How to create your own lightweight parallel library the easy way
Yes yes I know. In .NET there is Parallel.ForEach that comes out of the box. But let me try to explain. I’ve found myself in situations where I need a smaller piece of code that simply performs an action (work) over a set of inputs.
Parallel.ForEach He tries to pay attention a lot, prepares to deal with many random situations, and for me, that was just noise.
So, I was wondering, what if we Write a smaller library that simply takes care of executing a procedure on a bunch of inputs in parallel, lets the procedure take care of everything (even error handling), and keeps my library as dumb as possible.
why? Well, this was the most common scenario for me. Example: “Send a notification to each of these users” or “Contact this service and write the result to a file for each of these entries.”
Essentially “do this task for each of these inputs” and these tasks (work) can be executed in parallel.
Let’s take my current job as an example of a good fit with this library. I do ETL, to put my function in a few words: Based on the config file, I’m querying a single source system and writing to some data source.
From the config file I get for example a long list of tables, and each object required for a single table is created to be either processed via a DI framework or when needed, created by some factory quickly.
With this in mind, what I need is something to help me organize all the work. Currently, I have developed two algorithms, one aggressive based on signals and one passive which I will show here and it is based on the idea of a lightweight tool that simply performs one task after another.
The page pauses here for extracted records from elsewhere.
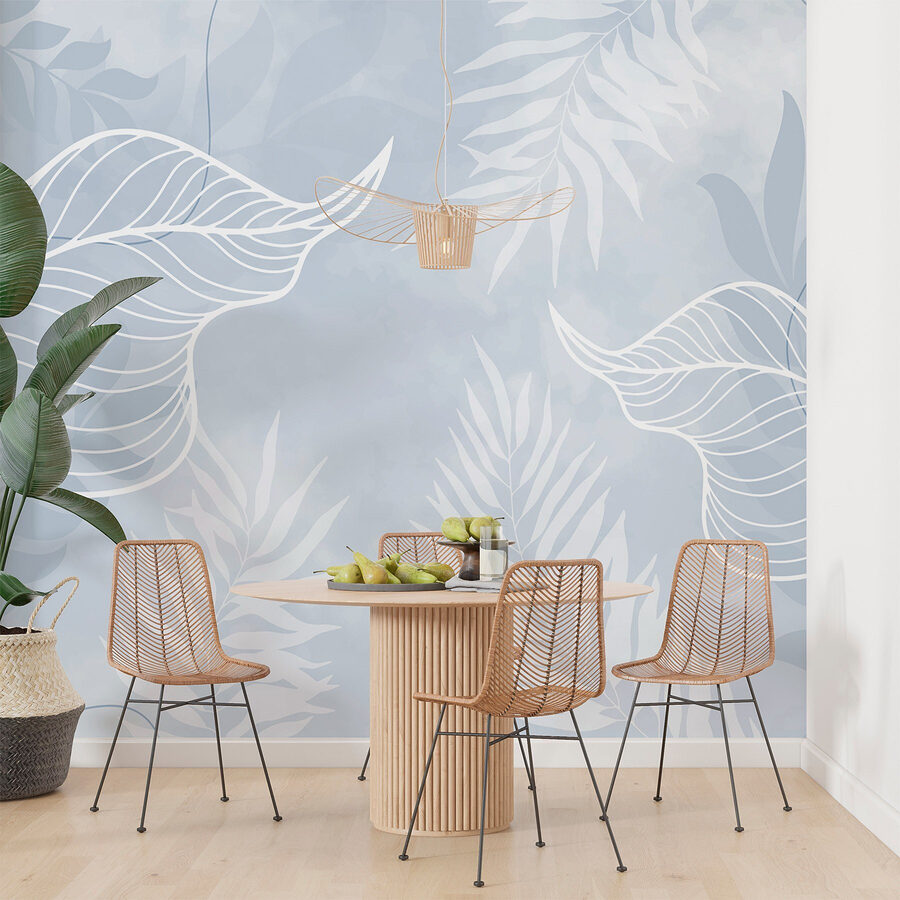 Premeňte svoj priestor na pokojné útočisko pomocou nástennej maľby Biele listy na modrom pozadí. Predstavte si, že pri každom vstupe do miestnosti vstúpite do oázy pokoja – tieto jemné biele listy tancujú na jemnom modrom pozadí a vytvárajú upokojujúcu atmosféru, ktorá pôsobí ako jemný vánok počas teplého dňa. Je to ako šepot prírody rozlievajúci sa po vašich stenách. Táto nástenná maľba je ideálna pre akýkoľvek priestor a nabáda k pokoju, či už v útulnom čitateľskom kútiku, alebo v pokojnej spálni. Kto by sa nechcel schúliť s dobrou knihou obklopený takýmto vzdušným pôvabom? Nie je to len dekorácia; je to malý kúsok radosti, ktorý rozjasní aj tie najchmúrnejšie dni.
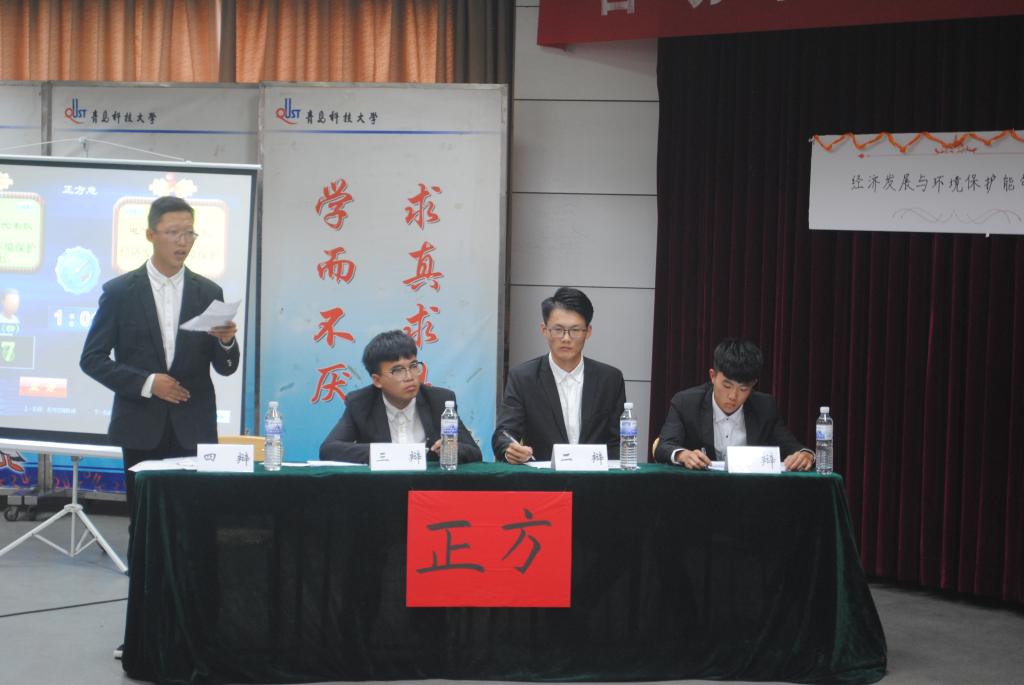 攻辩阶段,正方二辩抓住上述两者到底是否已经开始并行,还是压根没能并行这一关键点,犀利提问。反方二辩应战,做出解答后,再次强调了己方的观点,提出国家选择了的优先发展经济这一环节,将比赛带入了一个小高潮。小结之后的自由答辩环节精彩四溢,全场气氛高涨,观众情绪高昂,选手精神饱满。辩手们唇枪舌剑,你来我往,将辩论这一项活动的所需具有的口才与灵敏的反应能力表现的淋漓尽致。辩手们配合默契,例论丰富,尤其是反方四辨反应迅速、思维缜密,让观众们直呼精彩。
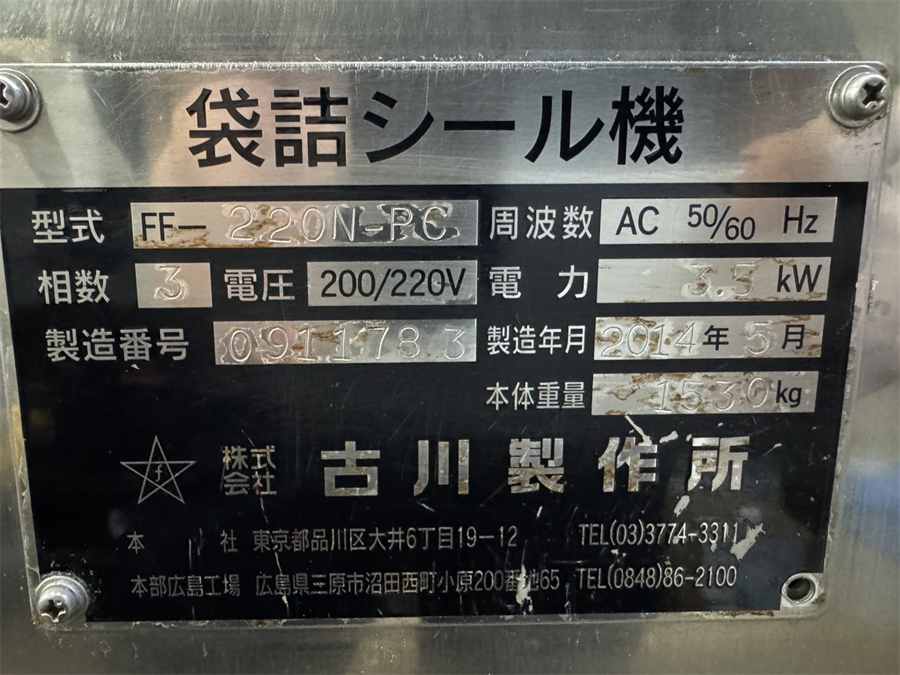 (株)古川製作所 袋詰シール機 FF-220N-PC/2014年製
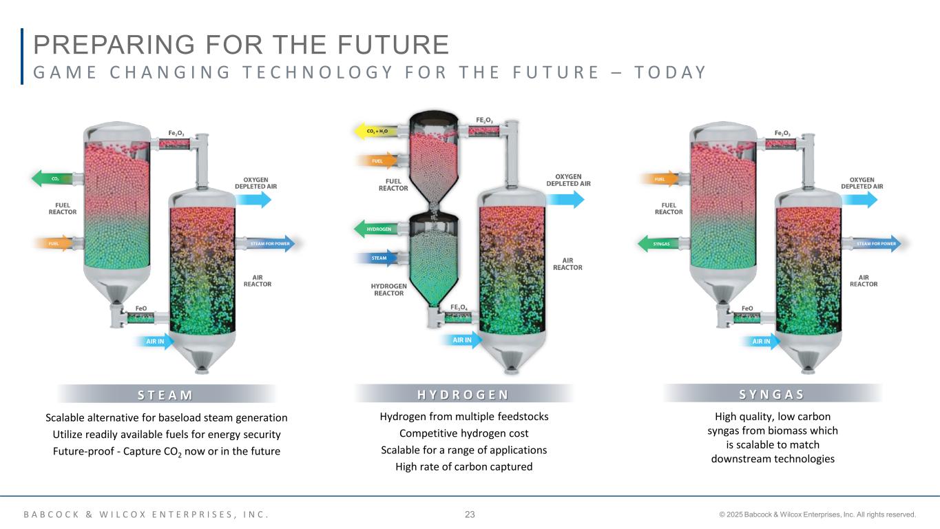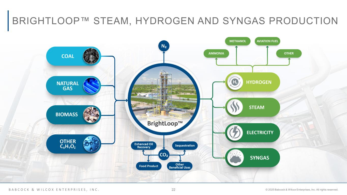 B A B C O C K & W I L C O X E N T E R P R I S E S , I N C . © 2025 Babcock & Wilcox Enterprises, Inc. All rights reserved.22 BRIGHTLOOP STEAM, HYDROGEN AND SYNGAS PRODUCTION
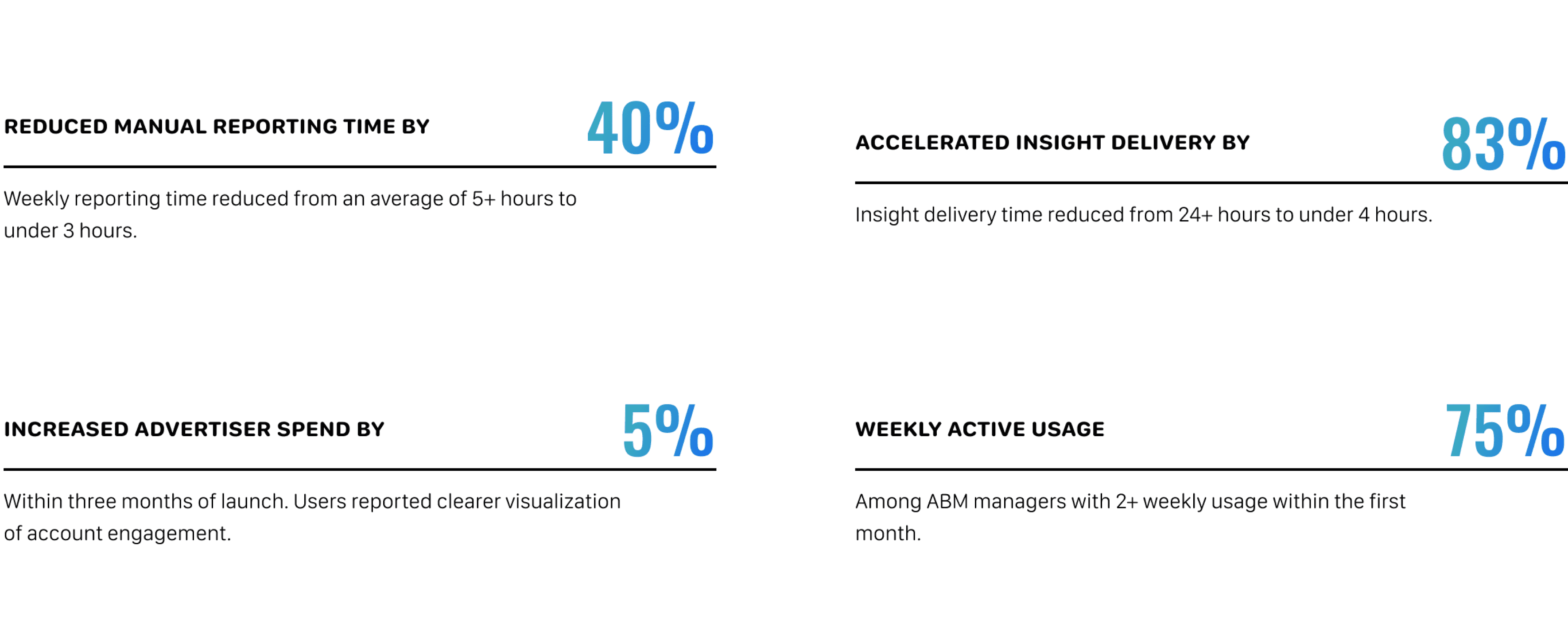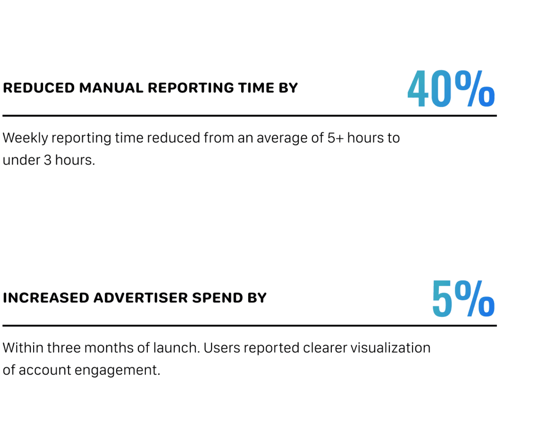 The tool should transform reporting from a time-consuming manual task into a fast, seamless workflow — freeing teams to focus on strategy rather than spreadsheets. It should deliver timely insights that enable confident decisions, strengthen advertiser relationships, and become a natural part of the managers’ weekly routine.
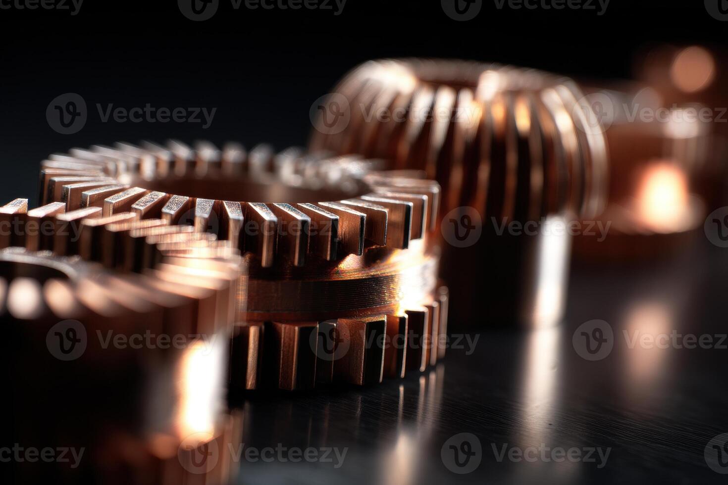 Copper gear-like objects arranged in a row on a reflective surface, displaying intricate teeth and grooves, with a focused lighting effect creating depth and highlights Pro Photo
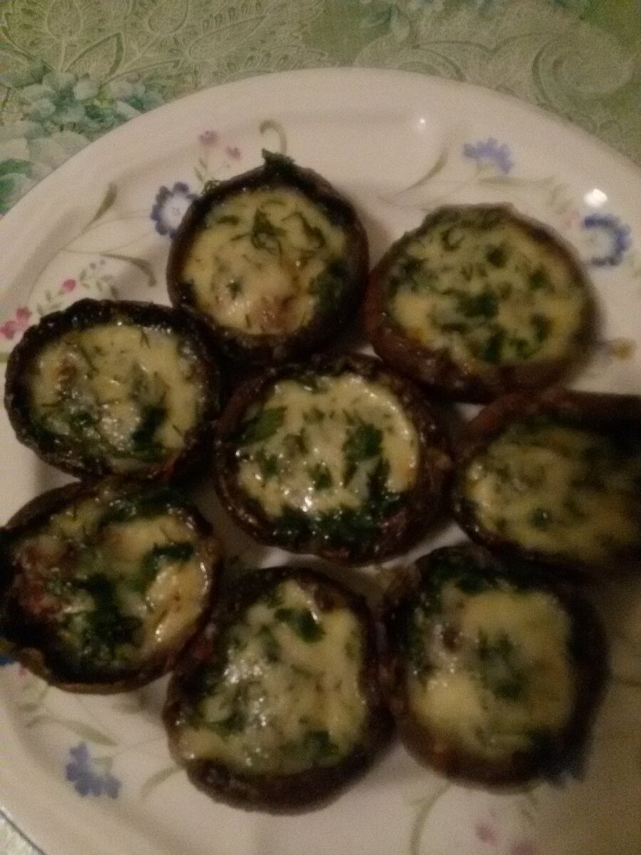 Всем привет ! И снова с вами я "леха-дегустатор". Для этой закуски вам понадобится : грибы шампиньоны , сыр , колбаса , петрушка , укроп , сливочное масло , растительное масло . Я не пишу какое количество необходимо для приготовления , так как каждый может брать разное количество на свое усмотрение . Ну а теперь готовим : Берем шампиньоны , удаляем ножки , далее я ложкой убрал внутри , что бы было больше места . В каждый грибочек я положил по маленькому кусочку сливочного масла . В каждый грибочек я положил по маленькому кусочку сливочного масла . В каждый грибочек я положил по маленькому кусочку сливочного масла . В каждый грибочек я положил по маленькому кусочку сливочного масла . В каждый грибочек я положил по маленькому кусочку сливочного масла . Далее сверху ложу тоненький кусочек колбасы . Ну а теперь все грибочки смазываем снаружи растительным маслом и отправляем в духовку или аэрогриль , кому как удобней , я запикал в аэрогриле . Температура 180 градусов и ставил на

Based on my requirements, let’s create an extension method for
IEnumerable<T> This gets
Action<T> To implement each component in
As you can see in this for everyone, this can be as simple as setting up a file
ActionsThen start each file
Task take advantage of
Task.WhenAll() To make sure you run them all to complete.
To prepare an action, we must use what has been passed
Action to create a list
Actionsone for each entry.
Action It is configured, the next step is to run it inside a file
to keep track of all
Task We will save their reference in
List<Task>. This way we can take advantage of
Task.WhenAll() Let the waiter be.
Effective care only to start tasks in parallel and nothing else.
What about the case where we need to specify a number
Threads Which program can be used? Probably because the source system is unstable and cannot handle many requests in parallel. In this case, we simply cannot start all the tasks and hopefully for the best, we must keep track of the number of active ones.
For this, we can change the loop over the trigger
Actions. Once again initialize the list
Actionsbut this time let’s start by initializing a subset of
We will name this subgroup as
workInProgress. While there is work in progress, we assume it is still active
Tasks And keep the episode alive waiting
Tasks To complete it, this time take advantage of
There are two important things that make this work so well happen in the episode, we’re keeping the show locked in waiting
WhenAny Let the program continue to run:
- We know the task is complete, so we can run a new task.
WhenAny()Also returns a reference to a file
Taskwe can only
RemoveThis is exactly
workInProgressBased on its reference.
workInProgress Empty, we know that every item in our input list has been processed.
As you can see, I don’t deal with bugs. In real life, I take care of logging and error handling in multiple places thanks to using patterns like IoC and Factories.
We hope these ideas are useful for your business, let’s keep the creative ideas flowing.